Testing by the Azure team revealed that using Intel Hyperscan resulted in a WAF latency reduction of about 14.9x for high processing scenarios. The Intel Hyperscan latency improvements are achievable with only a slight increase in memory consumption. In the worst case, it consumed up to 40MByte, which is not a significant increase for multi-tenants WAF running a server platform.
Azure Web Application Firewall
Security is a top priority when moving web applications onto the cloud. Web Application Firewall (WAF) provides centralized protection of web applications from common exploits and vulnerabilities. Web applications are increasingly targeted by malicious attacks that exploit well-known vulnerabilities, such as SQL injection and cross-site scripting, which are among the most common attacks.
Azure WAF can be deployed globally with Azure Front Door (AFD) service with integrated application acceleration, content caching and global load balancing. AFD was originally built to address reliability, scalability, performance and security requirements for Microsoft’s largest online services Bing and Office. Today, AFD powers enterprise grade services for Microsoft as well as Azure customers, processing millions of requests per second. AFD is deployed to hundreds of Azure network edge locations, it leverages Azure global WAN, and optimizes end to end performance from users to services. The low latency is a crucial performance indicator for Azure cloud service globally.
Azure WAF can also be deployed into a customer’s virtual network with Application Gateway, provides dedicated protection for both public facing and internal applications from known web application attacks. The bleow figure provides a high-level overview of Azure WAF.
Figure 1. Azure WAF overview
A request reaches Azure WAF at edge location closest to end users via global anycast, or arrives at an Azure region for regional WAF, usually over HTTPS. The request is decrypted and run against WAF rules. Post WAF inspection, the request is either re-encrypted and forwarded to the backend services or rejected with a customizable “blocked” response based on the configured WAF action type.
WAF solution providers face increasing challenges. The list of critical vulnerabilities keeps growing, attack surfaces spread from web and mobile applications to IoT devices, and the attack landscape often includes multi-vector attacks combining DDoS, targeted web application attacks and malicious bots.

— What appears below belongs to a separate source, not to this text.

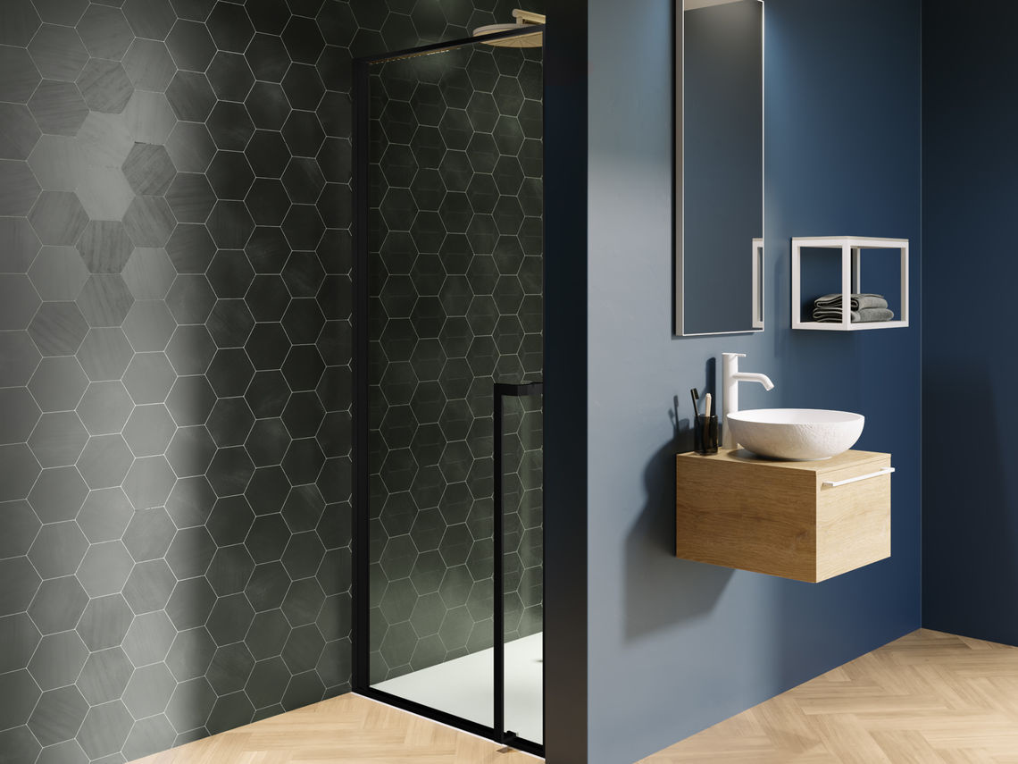 De Riho Lucid GD101 douche nisdeur biedt een strak industrieel ontwerp dat perfect past in een modern interieur. Deze serie is verkrijgbaar in mat zwart en mat wit, met profielen van gepoedercoat aluminium voor extra duurzaamheid. De nisdeur is eenvoudig te installeren en past in verschillende uitvoeringen en maten.

It is critical that WAF can inspect an incoming request against hundreds to thousands of known signatures with minimal processing time.

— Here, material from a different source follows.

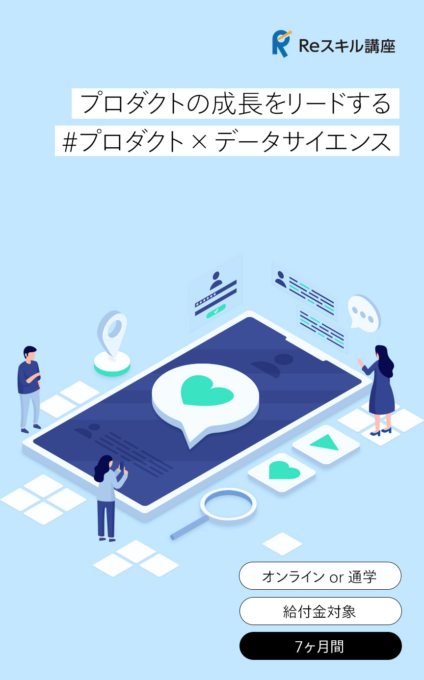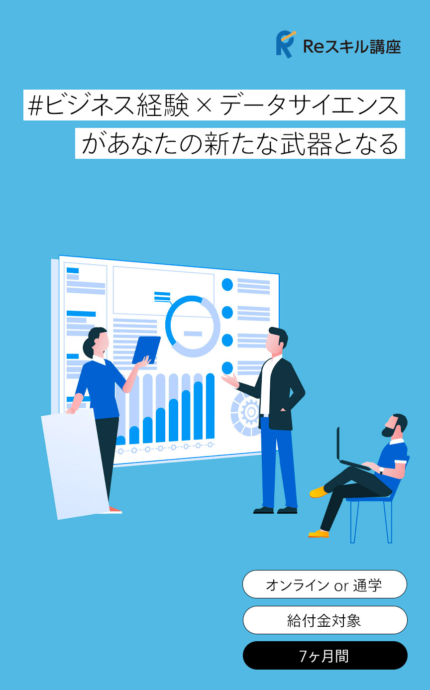 プログラマーやエンジニアだけが学べるスクールではなく、あなたのこれまでのビジネス経験にデータサイエンスを掛け合わせることで新たな価値と可能性を広げるための、あらゆる業種・職種のビジネスパーソンが学ぶことができるスクールです。

A pattern matching algorithm plays a significant role in delivering uncompromised security and it must be extremely optimized, to not cause a big latency spike. Hyperscan was selected for its high performance and security advantages.

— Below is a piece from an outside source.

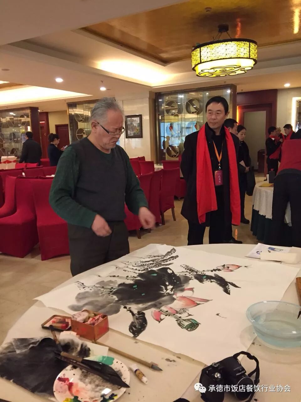 本次活动由承德市婚庆协会会长李欣先生主持,承德市饭店餐饮行业协会侯广江先生做了协会2017年工作报告和2018年工作要点;来自天津天财商龙的餐饮专家先后为大家讲解餐饮业的一些成功案例;承德市烹饪协会会长、国际烹饪大师孙晓春先生为大家分享中餐的国际化经验。承德市饭店餐饮行业协会盛江洪书记公布2017年度荣誉会员企业并予以表彰;承德市饭店餐饮行业协会常务副会长冀国强先生发布了承德饭店餐饮网,宣读了互联网+餐饮的新理念。鸿福书画院的部分书画家现场泼墨,为本次大会助兴。

Hyperscan is a high-performance regular expression matching library from Intel, released as open source software under BSD-3 license and available at: https://www.hyperscan.io/. It supports most of the libpcre compatible syntax as a baseline, and it delivers an extensive set of features and orders of magnitude better performance than libpcre. <Ref 1>
Figure 2. Intel Hyperscan Overview
Hyperscan includes unique features such as multi-pattern matching and streaming mode to search across a stream of data blocks, which is useful for cross packet inspection in networking. The comprehensive optimizations on Intel processors’ instruction sets enable Hyperscan to achieve high matching performance that scales from Intel Atom processors to Intel Xeon processors. Hyperscan is a strong match for rule-based and compute intensive networking and security applications, such as WAF.
Figure 3. Hyperscan Workflow
Figure 3 describes the Hyperscan workflow, which can be divided into two phases: compile time and run-time.
Compile time: At compile time, Hyperscan takes regular expressions as input and generates a corresponding compiled pattern database. As shown in Figure 3, the Hyperscan compiler depends on a collection of inputs including ruleset, matching modes, and pattern flags to conduct complex pattern analyses and optimizations. In addition, the generated database can be further serialized to a file, so users can compile patterns once per hardware configuration instead of during service startup.
Run-time: By taking advantage of the precompiled regex patterns generated at compile time and a pre-allocated scratch space for bookkeeping intermediate matching states, users can trigger the Hyperscan scan function to match the input data blocks at run-time. All matches are delivered to the user application via a user-provided callback function that enables customized handling of matches.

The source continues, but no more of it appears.